Segment Start: EXTRACTED RECORDS

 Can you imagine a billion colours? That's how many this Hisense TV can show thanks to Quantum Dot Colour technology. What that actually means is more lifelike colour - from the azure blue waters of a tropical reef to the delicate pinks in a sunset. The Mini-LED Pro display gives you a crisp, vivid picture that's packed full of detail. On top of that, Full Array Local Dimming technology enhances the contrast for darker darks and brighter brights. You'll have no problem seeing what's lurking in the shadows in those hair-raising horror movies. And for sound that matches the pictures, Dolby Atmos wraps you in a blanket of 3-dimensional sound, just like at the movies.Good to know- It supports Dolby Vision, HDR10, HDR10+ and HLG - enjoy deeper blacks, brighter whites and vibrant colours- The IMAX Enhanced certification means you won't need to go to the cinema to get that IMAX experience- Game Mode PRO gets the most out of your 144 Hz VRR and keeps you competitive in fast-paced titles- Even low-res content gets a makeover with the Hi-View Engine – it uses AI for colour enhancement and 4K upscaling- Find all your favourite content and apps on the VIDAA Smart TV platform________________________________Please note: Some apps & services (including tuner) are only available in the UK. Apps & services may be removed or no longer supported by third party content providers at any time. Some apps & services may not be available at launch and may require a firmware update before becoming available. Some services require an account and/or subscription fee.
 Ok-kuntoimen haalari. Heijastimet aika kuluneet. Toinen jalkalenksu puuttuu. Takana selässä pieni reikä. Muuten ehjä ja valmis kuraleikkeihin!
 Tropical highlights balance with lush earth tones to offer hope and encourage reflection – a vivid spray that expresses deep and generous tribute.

Segment End: EXTRACTED RECORDS
Segment Start: EXTRACTED RECORDS

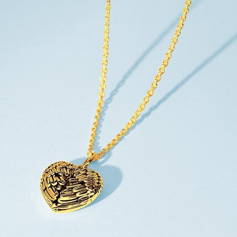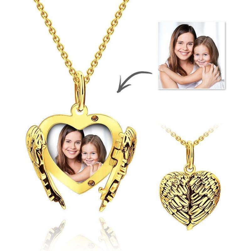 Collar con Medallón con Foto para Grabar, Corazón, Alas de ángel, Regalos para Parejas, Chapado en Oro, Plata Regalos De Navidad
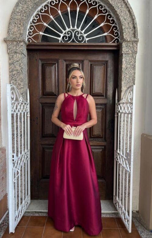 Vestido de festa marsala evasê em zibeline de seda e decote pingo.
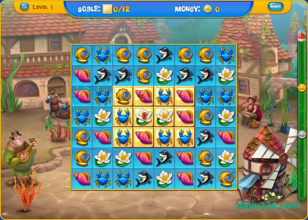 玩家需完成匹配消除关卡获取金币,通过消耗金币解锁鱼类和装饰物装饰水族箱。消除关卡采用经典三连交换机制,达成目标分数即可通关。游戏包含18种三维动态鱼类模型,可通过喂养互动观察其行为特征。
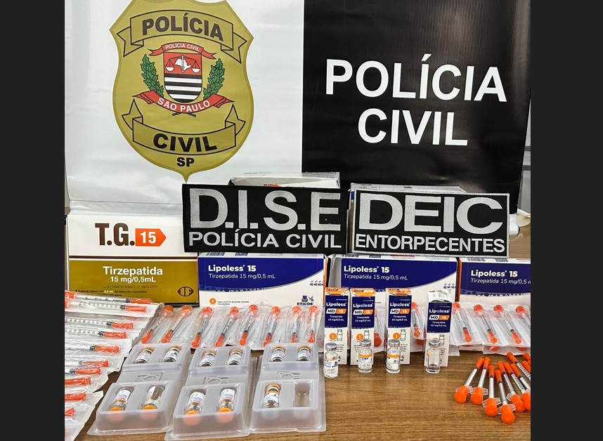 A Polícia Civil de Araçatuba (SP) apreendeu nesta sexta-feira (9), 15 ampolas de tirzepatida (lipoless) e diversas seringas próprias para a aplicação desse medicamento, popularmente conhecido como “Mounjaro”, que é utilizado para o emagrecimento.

Segment End: EXTRACTED RECORDS

YOUR TASK
Although pictures appear among the records above, write out exactly only the lines from the one that has "Collar con Medallón" through the one that has "A Polícia Civil", and leave the pictures out.

YOUR RESPONSE
 Collar con Medallón con Foto para Grabar, Corazón, Alas de ángel, Regalos para Parejas, Chapado en Oro, Plata Regalos De Navidad
 Vestido de festa marsala evasê em zibeline de seda e decote pingo.
 玩家需完成匹配消除关卡获取金币,通过消耗金币解锁鱼类和装饰物装饰水族箱。消除关卡采用经典三连交换机制,达成目标分数即可通关。游戏包含18种三维动态鱼类模型,可通过喂养互动观察其行为特征。
 A Polícia Civil de Araçatuba (SP) apreendeu nesta sexta-feira (9), 15 ampolas de tirzepatida (lipoless) e diversas seringas próprias para a aplicação desse medicamento, popularmente conhecido como “Mounjaro”, que é utilizado para o emagrecimento.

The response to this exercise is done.